Accurate Detection of Inner Ears in Head CTs Using a Deep Volume-to-Volume Regression Network with False Positive Suppression and a Shape-Based Constraint

Cochlear implants (CIs) are neural prosthetics which are used to treat patients with hearing loss. CIs use an array of electrodes which are surgically inserted into the cochlea to stimulate the auditory nerve endings. After surgery, CIs need to be programmed. Studies have shown that the spatial relationship between the intra-cochlear anatomy and electrodes derived from medical images can guide CI programming and lead to significant improvement in hearing outcomes. However, clinical head CT images are usually obtained from scanners of different brands with different protocols. The field of view thus varies greatly and visual inspection is needed to document their content prior to applying algorithms for electrode localization and intra-cochlear anatomy segmentation.

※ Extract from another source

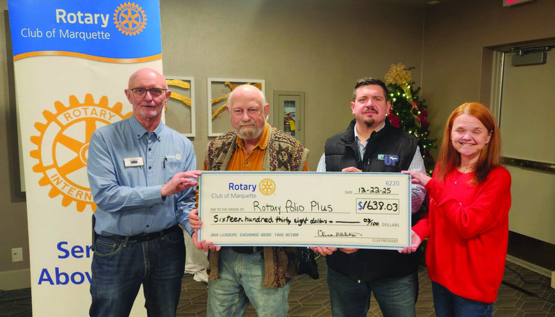 Three Rotary clubs in Marquette County celebrated the success of October's Pumpkins Against Polio event. The combined effort of the Rotary Club of Marquette, the Marquette Harbor Rotary Club and the Ishpeming Rotary Club raised $1,638.03. With the 2-1 match from the Gates Foundation, $4,924.03 was raised to stop polio now effort of Rotary International. Polio has been eliminated in all but two countries at this time. Pictured here, from left, are Chuck Blaksmith, Rotary Club of Marquette; Jim Cantrill, president of the Marquette Harbor Rotary; Paul Cromell, event chairperson; and Emily Rushford, president elect of the Ishpeming Rotary Club. (Courtesy photo)
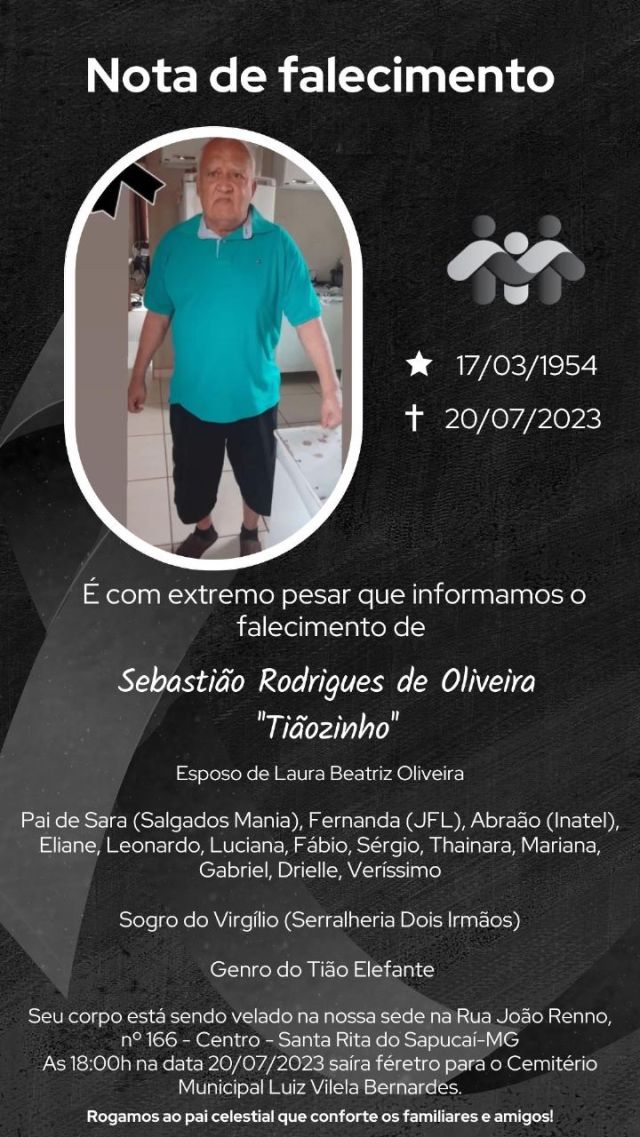 A imagem da nota é fornecida pela Funerária Santa Rita.

In this work, to determine the presence/absence of inner ears and to accurately localize them in head CTs, we use a volume-to-volume convolutional neural network which can be trained end-to-end to map a raw CT volume to probability maps which indicate inner ear positions. We incorporate a false positive suppression strategy in training and apply a shape-based constraint. We achieve a labeling accuracy of 98.59% and a localization error of 2.45mm. The localization error is significantly smaller than a random forest-based approach that has been proposed recently to perform the same task.